From: Ming Lei <ming.lei@redhat.com>
To: Jens Axboe <axboe@kernel.dk>
Cc: linux-block@vger.kernel.org, Ming Lei <ming.lei@redhat.com>,
        Dongli Zhang <dongli.zhang@oracle.com>,
        Hannes Reinecke <hare@suse.de>,
        Daniel Wagner <dwagner@suse.de>,
        Christoph Hellwig <hch@lst.de>,
        John Garry <john.garry@huawei.com>
Subject: [PATCH 0/2] blk-mq: fix handling cpu hotplug
Date: Fri,  5 Jun 2020 19:44:08 +0800
Message-Id: <20200605114410.2416726-1-ming.lei@redhat.com>
MIME-Version: 1.0
Content-Transfer-Encoding: 8bit
Sender: linux-block-owner@vger.kernel.org
Precedence: bulk

Series

blk-mq: fix handling cpu hotplug | expand

Message

Ming Lei June 5, 2020, 11:44 a.m. UTC

Hi Jens,

The 1st patch avoids to fail driver tag allocation because of inactive
hctx, so hang risk can be killed during cpu hotplug.
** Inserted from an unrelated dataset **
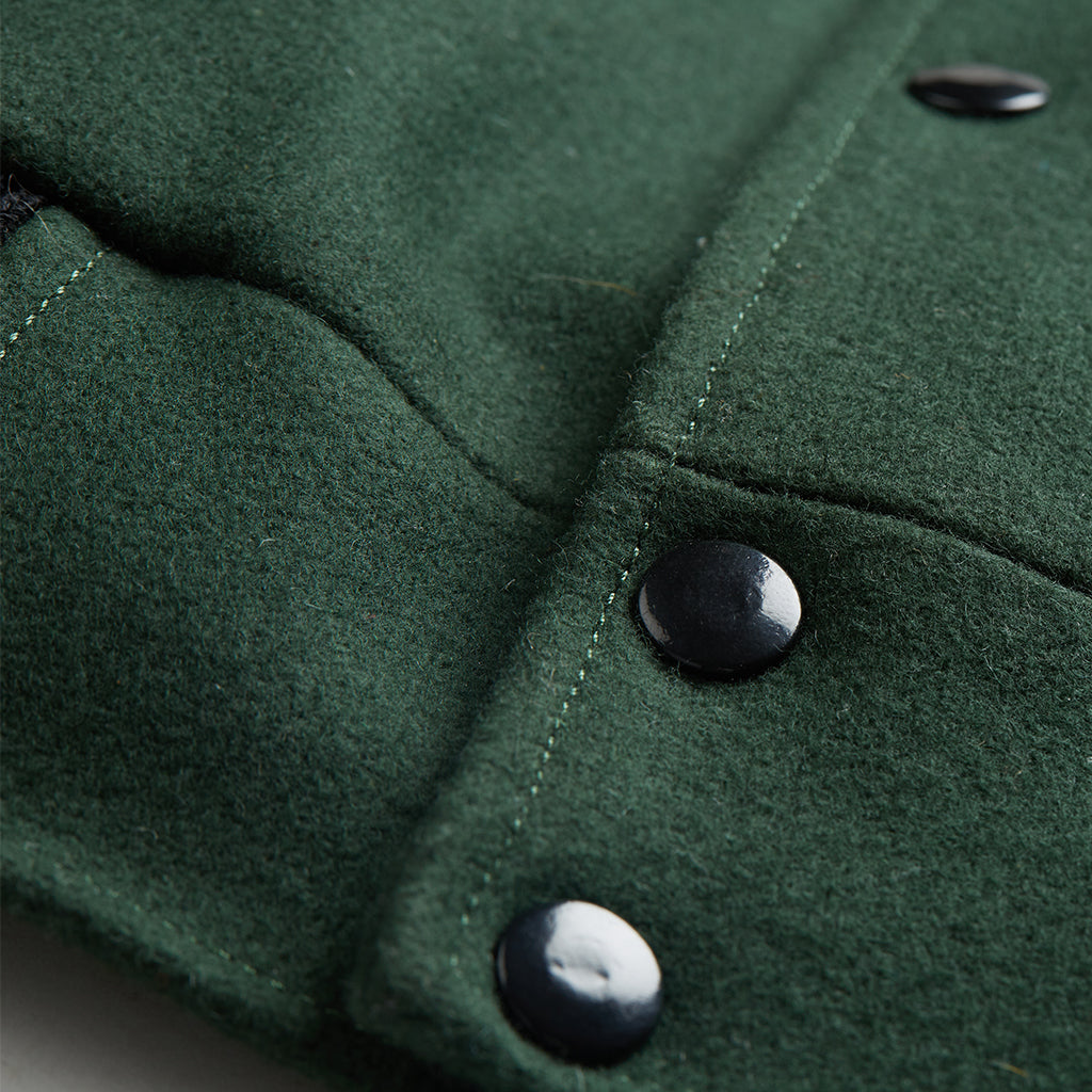 26oz Melton Wool in vintage pine, provides the great feeling of warmth of a thick fabric without being heavy. A soft solid cloth in which the twill weave pattern is completely concealed due to the finishing processes. Wind and weather resistant

The 2nd patch fixes blk_mq_all_tag_iter so that we can drain all
requests before one hctx becomes inactive.

Both fixes bf0beec0607d ("blk-mq: drain I/O when all CPUs in a hctx are
offline").

John has verified that the two can fix his request timeout issue during
cpu hotplug.

Christoph Hellwig (1):
  blk-mq: split out a __blk_mq_get_driver_tag helper

Ming Lei (1):
  blk-mq: fix blk_mq_all_tag_iter

 block/blk-mq-tag.c | 39 ++++++++++++++++++++++++++++++++++++---
 block/blk-mq-tag.h |  8 ++++++++
 block/blk-mq.c     | 29 -----------------------------
 block/blk-mq.h     |  1 -
 4 files changed, 44 insertions(+), 33 deletions(-)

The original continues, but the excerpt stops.